We will then organize the workshop in two additional parts: 1) Hettel, CS and Corpus Creation; 2) Kretzschmar, CS and Quantitative Measurement. In each part, we will offer explanation and demonstrations for 40 minutes, and allow 20 minutes for experiential learning. Hettel will present a rationale for corpus creation using methods of random sampling. For work on language in texts, this means using either an entire population of texts (such as all the novels by one author) or, more usually, a rigorously sampled selection of texts from a population. Either an entire population of texts or a random sample is required in order to avoid undue influence from any subsection of texts, since CS distributions emerge in every subgroup of texts.
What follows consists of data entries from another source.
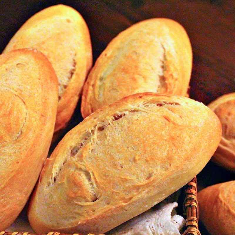 - El pan se conserva bien durante un par de días en una bolsa de plástico, o puede congelarlo hasta un mes. Para recalentar: descongele el pan ligeramente, rocíelo con agua y colóquelo en un horno precalentado a 200°C durante 12 a 15 minutos hasta que esté tibio y crujiente.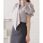 ブラウス シャツ ボウタイ付きタック入りパワーショルダーブラウス レディース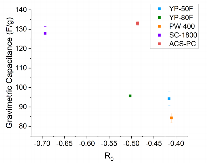 圖 S24:碳材料重量比電容與指數(shù)擬合參數(shù)R0的關(guān)系分析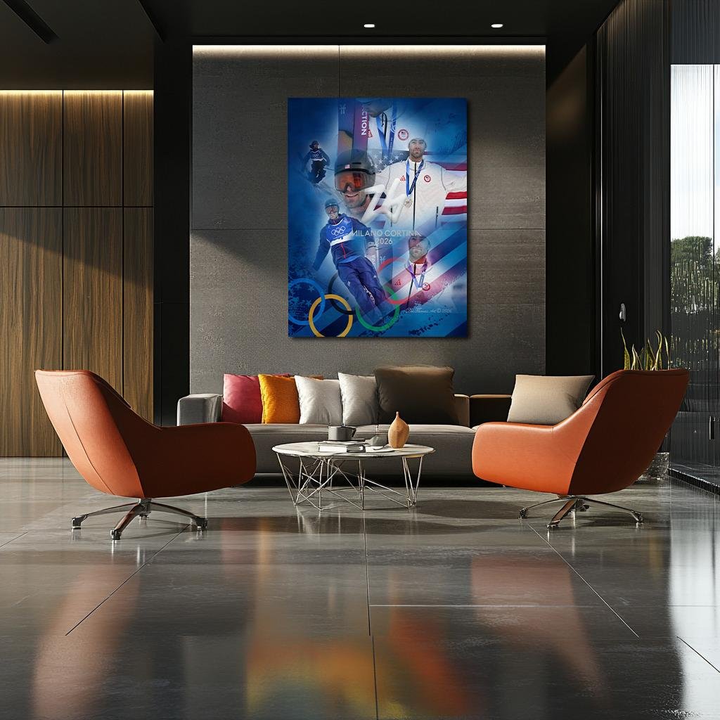 At the Milano Cortina 2026 Olympic Games, Alex Hall earned Silver in the Men’s Freeski Slopestyle Final under the three-run Olympic format, where the best two scores determine final ranking. His medal was defined by high-difficulty rotational combinations, technical rail precision, and compositional continuity across a multi-feature course. Rendered in sapphire gradients symbolizing engineered terrain and restrained silver illumination reflecting decimal-scored proximity to gold, the artwork captures structured creativity measured in Olympic arithmetic.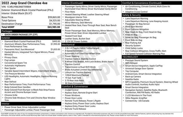10 Speakers, 10.1 Touchscreen Display, 3.70 Rear Axle Ratio, 4-Wheel Disc Brakes, 4G LTE Wi-Fi Hot Spot, ABS brakes, Air Conditioning, All Radio Equipped Vehicles, Alloy wheels, AM/FM radio: SiriusXM with 360L, Anti-whiplash front head restraints, Apple CarPlay, Audio memory, Auto High-beam Headlights, Automatic temperature control, Brake assist, Bumpers: body-color, Capri Leather Seats, Compass, Connected Travel & Traffic Services, Connectivity - US/Canada, Delay-off headlights, Disassociated Touchscreen Display, Driver door bin, Driver vanity mirror, Dual front impact airbags, Dual front side impact airbags, Dual-Pane Panoramic Sunroof (DISC), Electronic Stability Control, For Details, Visit DriveUconnect.com, For More Info, Call 800-643-2112, Four wheel independent suspension, Front anti-roll bar, Front Bucket Seats, Front Center Armrest w/Storage, Front dual zone A/C, Front fog lights, Front Passenger Interactive Display, Front reading lights, Fully automatic headlights, Garage door transmitter, Global Telematics Box Module (TBM), Google Android Auto, GPS Antenna Input, GPS Navigation, HD Radio, Heated door mirrors, HEATED FRONT SEATS, Heated rear seats, Heated steering wheel, Heavy Duty Suspension, Illuminated entry, Integrated Center Stack Radio, Integrated Voice Command w/Bluetooth®, Knee airbag, Leather steering wheel, Low tire pressure warning, Memory seat, Occupant sensing airbag, Outside temperature display, Overhead airbag, Overhead console, Panic alarm, ParkView Rear Back-Up Camera, Passenger door bin, Passenger vanity mirror, Power door mirrors, Power driver seat, Power Liftgate, Power passenger seat, Power steering, Power windows, Pur Wrapped Instrument Panel, Quick Order Package 27F, Radio data system, Radio: Uconnect 5 Nav w/10.1 Display, Radio: Uconnect 5 w/8.4 Display, Rear anti-roll bar, Rear reading lights, Rear window defroster, Rear window wiper, Remote keyless entry, Roof rack: rails only, Security system, SiriusXM Radio Service, SiriusXM Satellite Radio, SiriusXM w/360L, Speed control, Speed-Sensitive Wipers, Split folding rear seat, Spoiler, Steering wheel mounted audio controls, Tachometer, Telescoping steering wheel, Tilt steering wheel, Traction control, Trip computer, Turn signal indicator mirrors, USB Host Flip, Variably intermittent wipers, Voltmeter, Wheels: 18 x 8 Fully Painted Aluminum.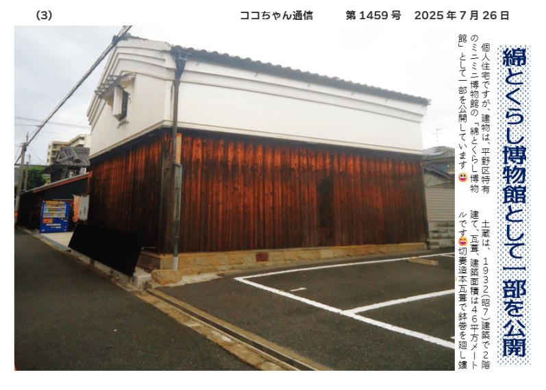 個人住宅ですが、建物は、平野区特有のミニミニ博物館の「綿とくらし博物館」として一部を公開しています 😃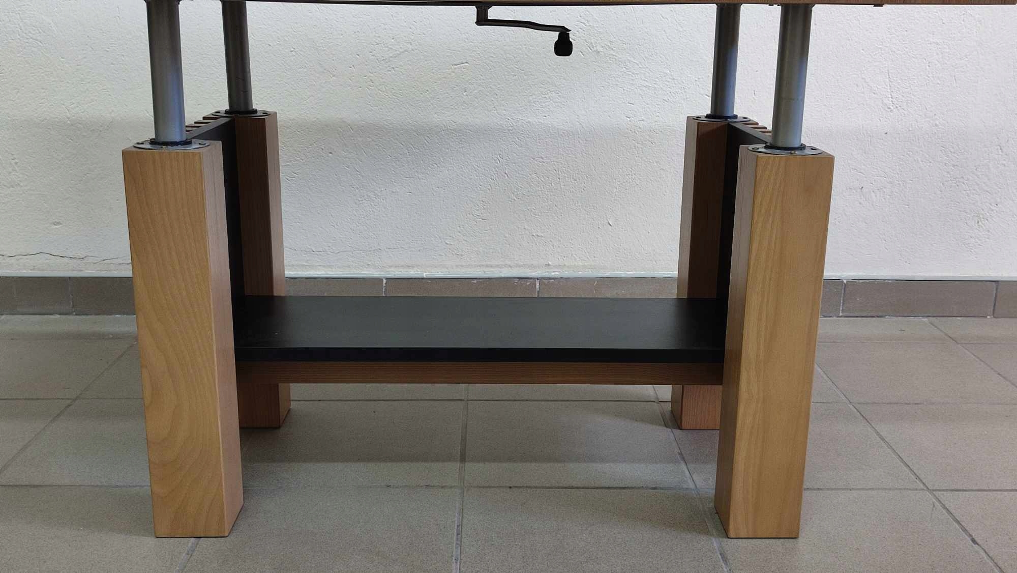 топ и рама под шариком, изготовленной из ламинированной мебельной пластины. h2> ноги (EW lamele) и объединение ног из дерева. h2>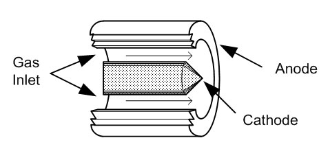 electrodes is a hollow cylinder with a smaller cylinder centered
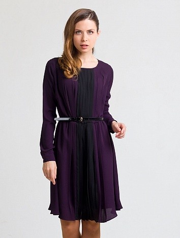 Описание: тонкий шифон, передняя часть украшена складками плиссе черного цвета, сзади застежка на молнию и золотую пуговицу, в комплекте тонкий ремень из иск.кожи фиолетового цвета
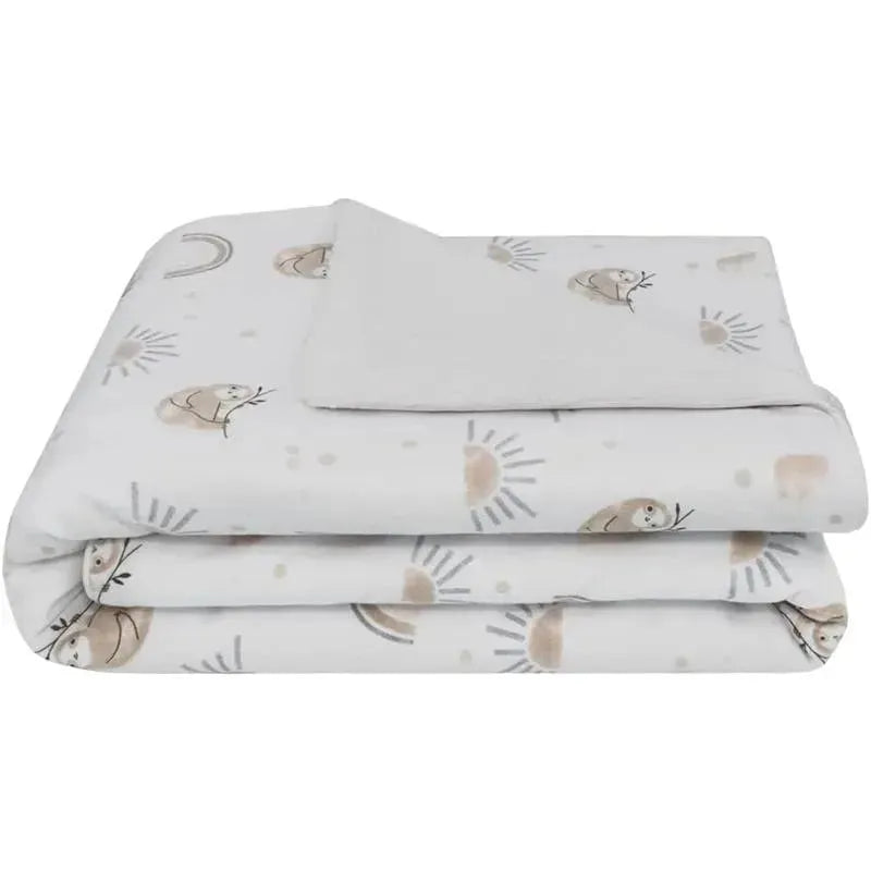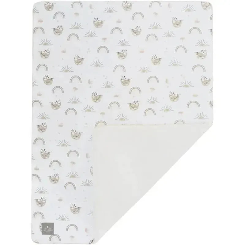 Our gorgeous double-layered stroller blanket features a 100% cotton jersey watercolor rainbow sloth print on one side, and the softest Sherpa on the other; perfect for keeping baby warm and cozy when out and about.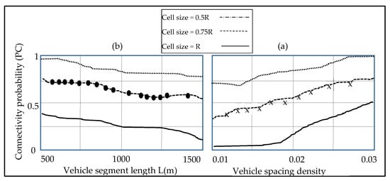 Figure 3a,b show how the road segment length L, cell size cs, vehicle distance density, and communication range R affect the road segment probability. Figure 3a shows the upper and lower bounds of the road segment connectivity for cs = R and cs = 0.5 R. Accordingly, the average analytical results (CI = 95%) closely match the simulation results for cs = 0.75 R. We set L = 1500 m and cs = 0.75 R in Figure 3b, and we notice that the mean analytical findings match the simulation model for all Rs. The packet delivery ratio of the road segment is adjusted at λ = 0.015 vehicles/m in Figure 4a, the mean distance between the theoretical and simulation results is only 4.85%, in the case of cs = 0.75 R. Furthermore, as the distance of the road segment increases, so does the ratio of the packets delivered, since more transmission hops are necessary. Moreover, when the interference percentage is reduced due to less interference from the surrounding nodes, the packet delivery rate increases.
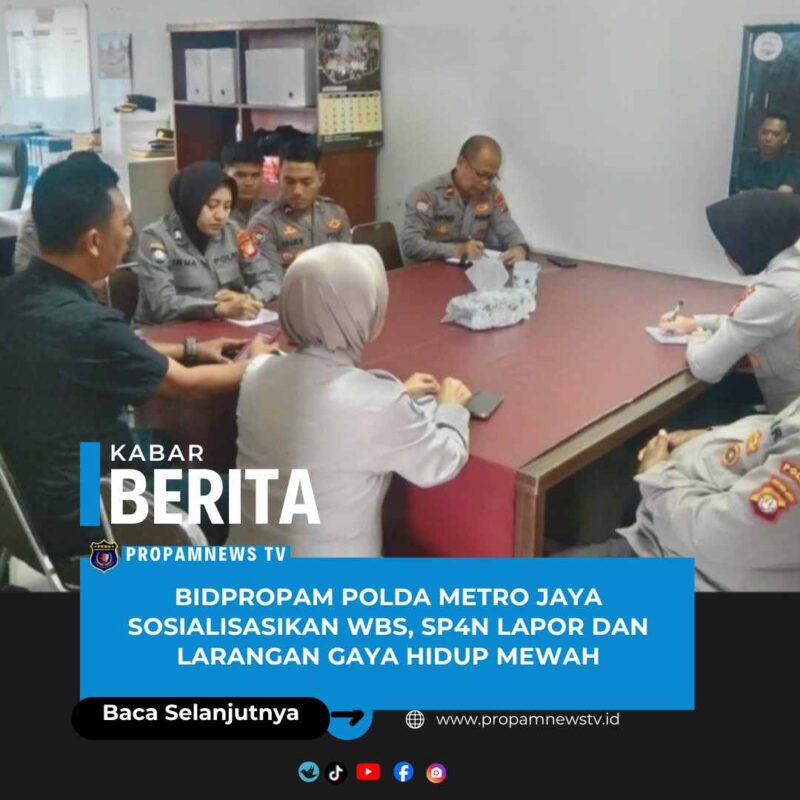 Jakarta —19-12-2025 // PROPAMNEWSTV.ID — Subbidpaminal Bidpropam Polda Metro Jaya menggelar sosialisasi Whistle Blowing System (WBS), SP4N–Lapor, serta larangan gaya hidup mewah (hedonis) kepada personel Direktorat Pembinaan Masyarakat (Ditbinmas) Polda Metro Jaya, Jumat (19/12/2025).
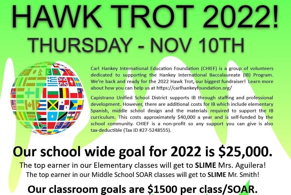 Flyers should have gone home with your students Friday 10/13/2023 to let you know about CHIEF’s biggest fundraiser of the year, our olympic themed fun run, the Hawk Trot.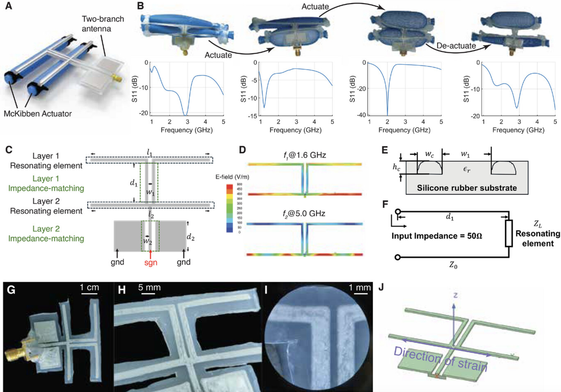 Software-defined radios and cognitive radios can switch their operating frequency across a wide range. Although analog and digital circuits enable cross-frequency operation of much of the RF frontend, there is a lack of practical antennas that are frequency-reconfigurable over such a wide range. Prior rigid antennas are either narrow-band with high radiation efficiency, or wide-band with low radiation efficiency. This study presents a soft, stretchable, compact, omnidirectional liquid metal composite antenna system to enable high radiation efficiency when reconfiguring to different frequencies across a wide band. On the hardware front, an extendable multi-branch stretchable liquid metal based antenna geometry is optimized that preserves high efficiency when switching across a wide range of frequencies. On the software front, a control algorithm is incorporated that ensures that the antenna automatically configures to the optimal received signal strength. The antenna design enables a strain limit of 33% for two independent actuatable branches, further enabling a switchable operating frequency range across 1–5 GHz. Experimental characterization demonstrates that PASTA reduces the radiation loss by 10–20 dB over the operating frequency range compared to state-of-the-art rigid and flexible antennas.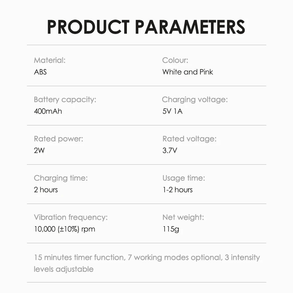 2. The facial massager has seven optional modes to meet different skincare needs. Mode 1: orange light, hot compress and induced vibration; Mode 2: red light, hot compress and induced vibration; Mode 3: blue light and induced vibration; Mode 4: yellow light, hot compress and induced vibration; Mode 5: purple light, hot compress and induced vibration; Mode 6: green light and EMS microcurrent; Mode 7: cyan light, hot compress and induced vibration.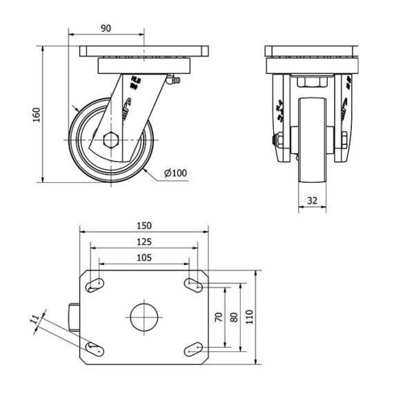 Rueda nylon-poliamida giratoria Alex diametro 100 mm. modelo 2-0463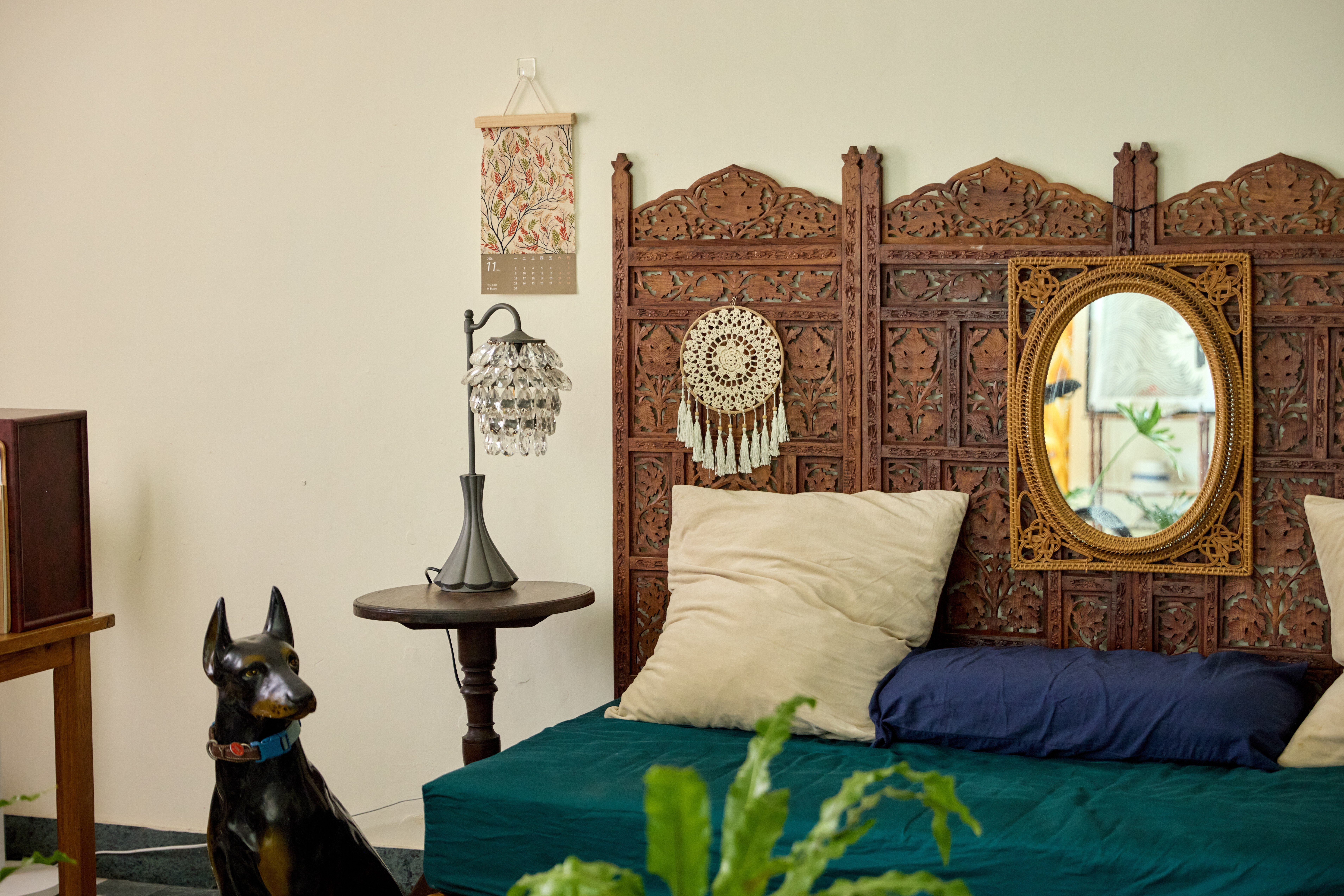 Sophie 分享,她喜歡逛跳蚤市場,像福和橋下跳蚤市場,她已經逛多年,常能挖到特色又便宜的物品。「在工作室裡,我會把印地安文化的捕夢網、日式屏風、泰國沙發,甚至從老物社團挖到的水晶燈放在一起,雖然元素不同,但融合起來卻不突兀,呈現平衡的美感。」

Using the example of documents from the nuclear power industry, Hettel will illustrate how a random sample can be created using quotas for each variable to be investigated. Kretzschmar will discuss the problem that frequency patterns that emerge from a CS are always nonlinear, never "normal" in the sense required for use of typical Gaussian statistics. He will present a method to assess just how nonlinear a frequency profile is so that A-curves can be distinguished from normal distributions, and then will discuss how emergent frequency profiles from a CS can be usefully described and differentiated. The discussion will conclude with examples of whole-to-whole and part-to-whole comparisons that take advantage of emergent A-curve patterns.

The organizers will provide data for participants to use on their own laptops. Participants should have a spreadsheet program (Excel, or something that reads Excel files) in order to process the data.'

Bibliography Burkette, A. (2016). Language and material culture: Complex systems in human behavior. Amsterdam: John Benjamins. Kretzschmar, William A., Jr. (2009). The Linguistics of speech. Cambridge: Cambridge University Press. Kretzschmar, William A., Jr. (2015). Language and complex systems. Cambridge: Cambridge University Press.